The merger will be achieved by:
- a scheme of arrangement under which TCI will acquire all of the shares in STR;
- the acquisition by STR of a substantial shareholding in TCI;
- the subsequent cancellation of the STR stake.
Chairman of STR and proposed chairman of the merged group. Mr Lyn Davies, commented:
"The merger will bring together two of Australia's leading technical services companies in the telecommunications sector and will generate significant benefits for customers, shareholders and the staff of both companies".
"The group post-merger will provide several significant added benefits including liquidity, size and scale, as well as a greater focus for the capital markets and the broader investment community".
Non-Executive Director Mr Stephe Wilks commented on behalf of the TCI Board saying, "The acquisition by STR of a major shareholding in TCI not only removes a major overhang on the Company's register, it has also created the unique opportunity for TCI to merge with a business with the demonstrated attributes of STR".
Merger Summary
STR and TCI have entered into an agreement to implement the merger under a scheme of arrangement.
1. Merger
STR shareholders will receive 2 TCI shares for every 5 STR shares they own.
The Directors of STR and TCI unanimously support the merger. Shareholder meetings to consider the merger will be scheduled in the final quarter of 2006.
Mr Patrick Flannigan will be appointed Managing Director and CEO of the merged group. Mr Rod Stanton will be appointed Executive Director of Operations of the merged entity, while still maintaining operational control of the TCI business. Importantly, the merger has been strongly endorsed by the executive management teams of both STR and TCI.


ASX & Media Release
The Board of the merged group will combine key executives and independent members of both the STR and TCI Boards with Mr Lyn Davies, currently Chairman of STR, to be appointed as the Chairman.
2. Share Acquisition
TCI's maior shareholders, Mr Jim Cooney and Ms Samantha Grant, hold approximately 49M shares in TCI.

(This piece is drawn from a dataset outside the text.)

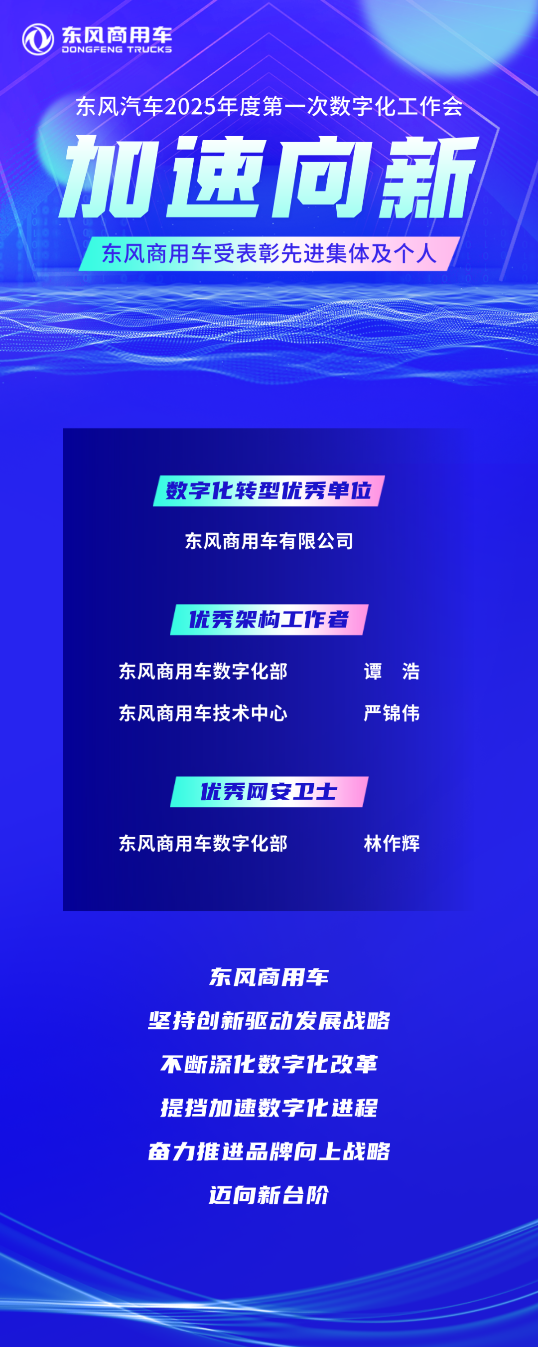 在东风商用车数字化部的精心组织和稳步推进下,东风商用车在东风汽车开展的数字化转型行动成熟度评价中达到了L3级水平,成功入选国资委首批数字化转型试点企业,标志着东风商用车在技术创新、流程优化和管理提升等方面取得了突出成效,为东风汽车及行业的数字化转型贡献了宝贵经验。

They have agreed with STR:
- subject to the merger proceeding, to offer 9M shares to TCI shareholders at \$0.87 per share;
- subject to the approval of TCI shareholders, to sell the balance of their shareholding to STR at \$1.0137 per share.
They have also agreed to grant STR a call option over 19.9% of the shares in TCI.
The offer of 9M shares to TCI shareholders will be made on a pro rata basis.
It is intended that the offer will be managed by Bell Potter Securities Limited and dispatched to TCI shareholders with the notice of meeting.
It is proposed the offer will be underwritten to the level of \$5.0M (with any shortfall to be purchased by STR at \$1.0137 per share).
The acquisition of the TCI shares by STR will be funded by a new facility from Westpac and vendor interest free funding of \$10M which can be deferred for up to 2 years after the merger.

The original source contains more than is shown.